It should be noted that the “common impulse response set” here is not necessarily present in the impulse response sets from which it is removed: for example, the common impulse response set could be an average of all the stored impulse responses, but no one impulse response set will exactly match this average set. By contrast, in the first aspect above, the “common impulse response element” typically refers to a feature (e.g. a sequence of samples) present in the impulse responses from which it was removed.


Preferably each of the impulse response sets is a respective HRTF.


Preferably, computing the common impulse response set comprises computing an average of some or all of the impulse response sets or sub-sets thereof at each location represented by those impulse response sets. Because HRTFs will generally be similar to one another, differing in terms of relatively small details, a significant portion of the information that is present in each HRTF can be captured by computing the average. Most advantageously, each of the impulse response sets is a respective HRTF, the impulse responses of each HRTF comprising a left-ear subset and a right-ear subset, and computing the average comprises: for the HRTFs to be averaged, spatially inverting either the left-ear subsets or the right-ear subsets of those HRTFs along the left-right direction; computing an average of the inverted left-ear or right-ear subsets and the non-inverted subsets of the HRTFs to be averaged at each location represented by those subsets. The left-ear and right-ear parts of each HRTF will generally be similar to one another when inverted in this manner: for example, the right ear will perceive a sound originating 10 metres to the left and 1 metre in front very similarly to how the left ear will perceive the same sound when it originates 10 metres to the right and 1 metre in front. Therefore, when one is inverted along the left-right direction, the left-ear and right-ear parts of each HRTF are similar to one another and can both be used to compute the average. In this scenario, the common impulse response set may be stored for only one ear, in which case the impulse response set for the other ear can be obtained by spatially inverting the impulse response set reconstructed from the common impulse response set of the ear whose values were stored.
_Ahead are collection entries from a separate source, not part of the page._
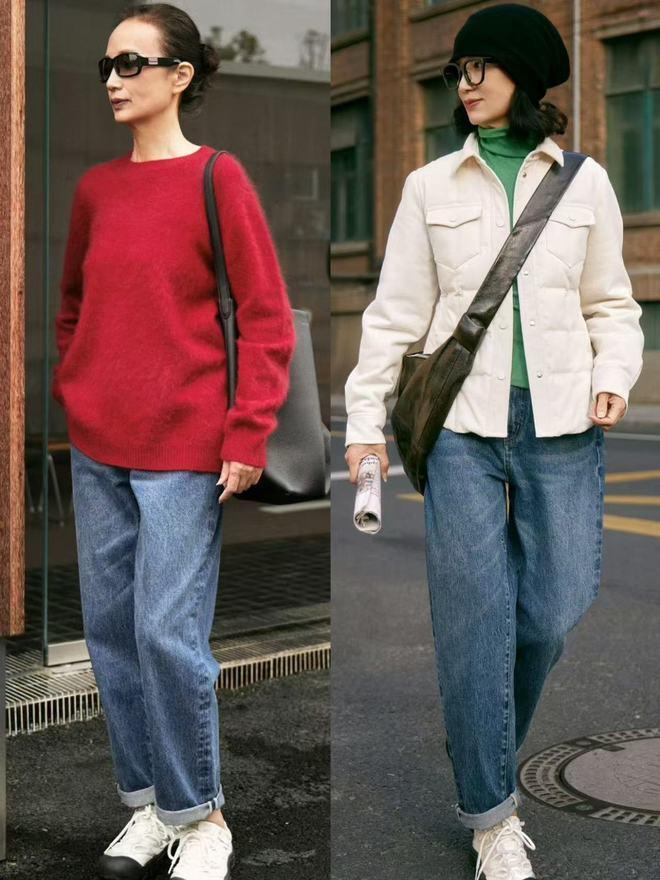 更不要说中年女性了,人到中年身体的新陈代谢容易变得缓慢,腰间会堆积赘肉,胯宽腿粗,这时候应该直接选择设计留有余量的藏蓝色针织开衫,搭配上白色的阔腿裤,这样的冬裤遮肉显瘦。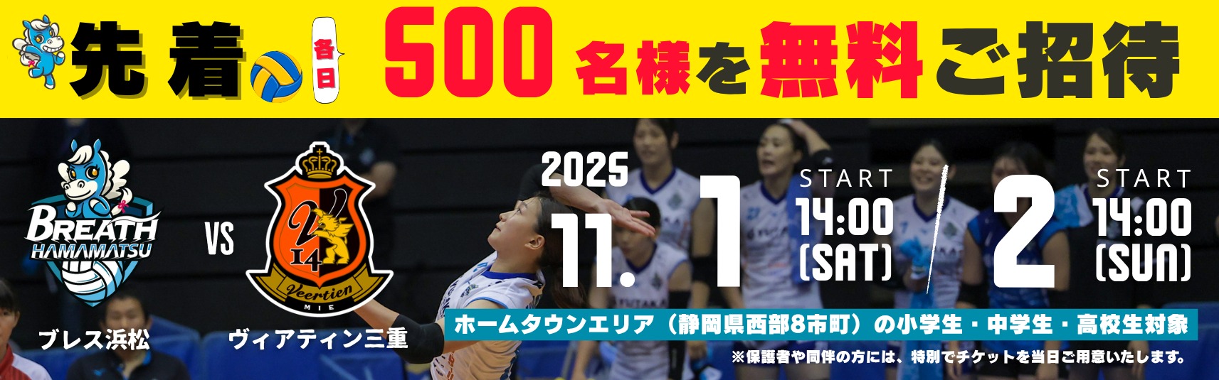 【お知らせ】2025‐26ブレス浜松ホームゲーム第2戦に静岡県西部8市町の高校生以下無料ご招待!!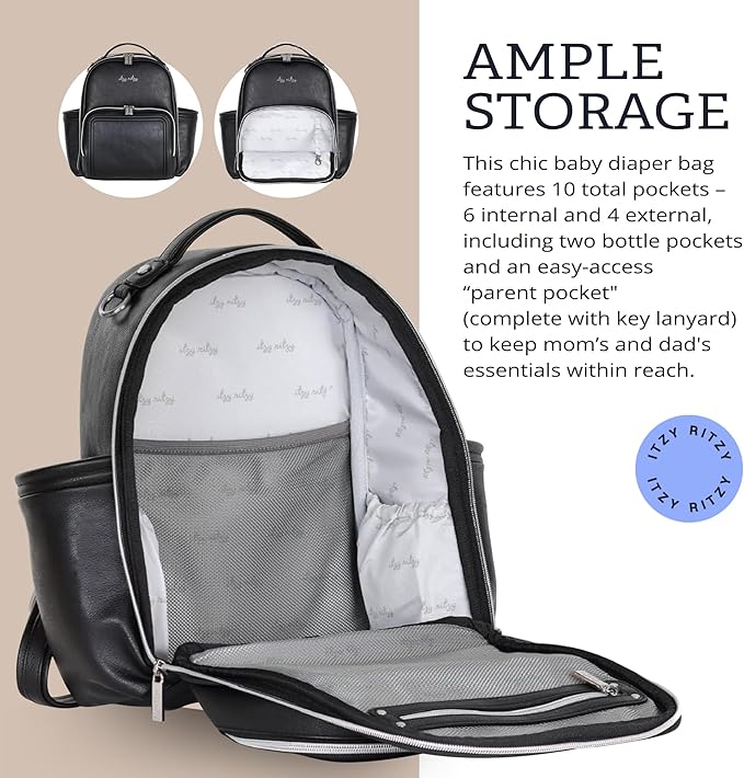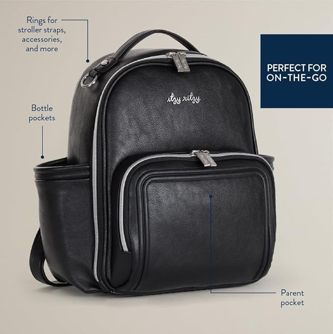 - CHIC & PRACTICAL DESIGN – The Itzy Ritzy Mini Plus Mini Diaper Bag Backpack blends modern style with everyday practicality. Made from vegan leather, this compact and chic travel diaper bag is perfect for quick outings when you need only the essentials for your baby. Its gender-neutral design ensures it’s ideal for any parent.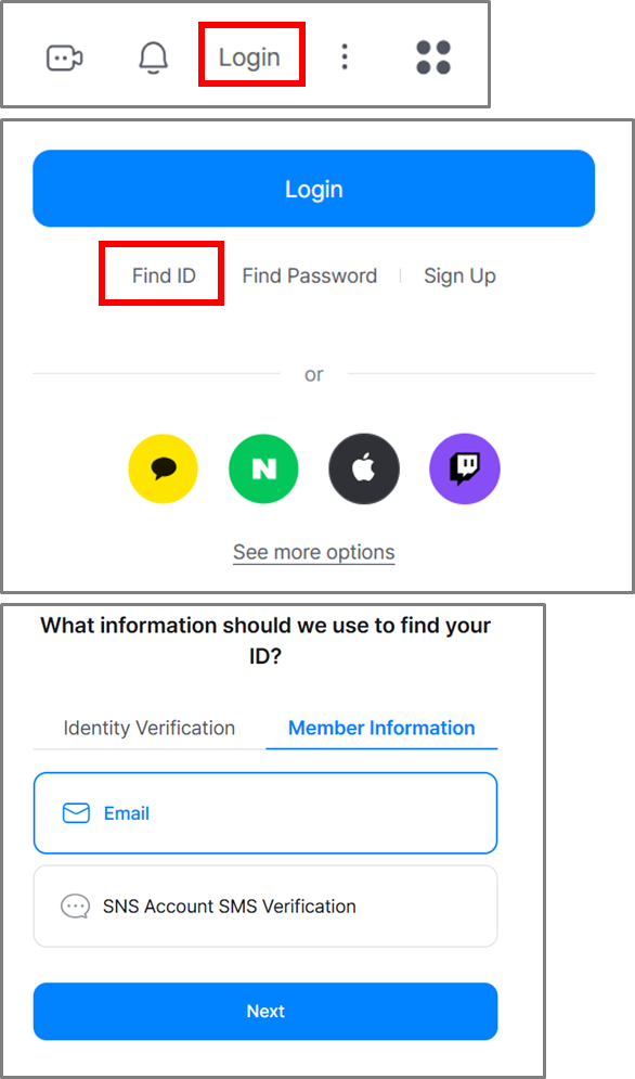 → Click “Find ID/Password” at the bottom → Member Information → Email

Once the impulse response sets (e.g. HRTFs) have been compressed in the manner just described, the simplified impulse response sets may themselves be compressed by a method in accordance with the first aspect of the invention.


In each aspect of the invention, the method is typically computer-implemented. For example, the impulse responses, impulse response sets and impulse response databases may be stored on a storage system such as a server and the method steps may be performed by a processor in communication with the storage system.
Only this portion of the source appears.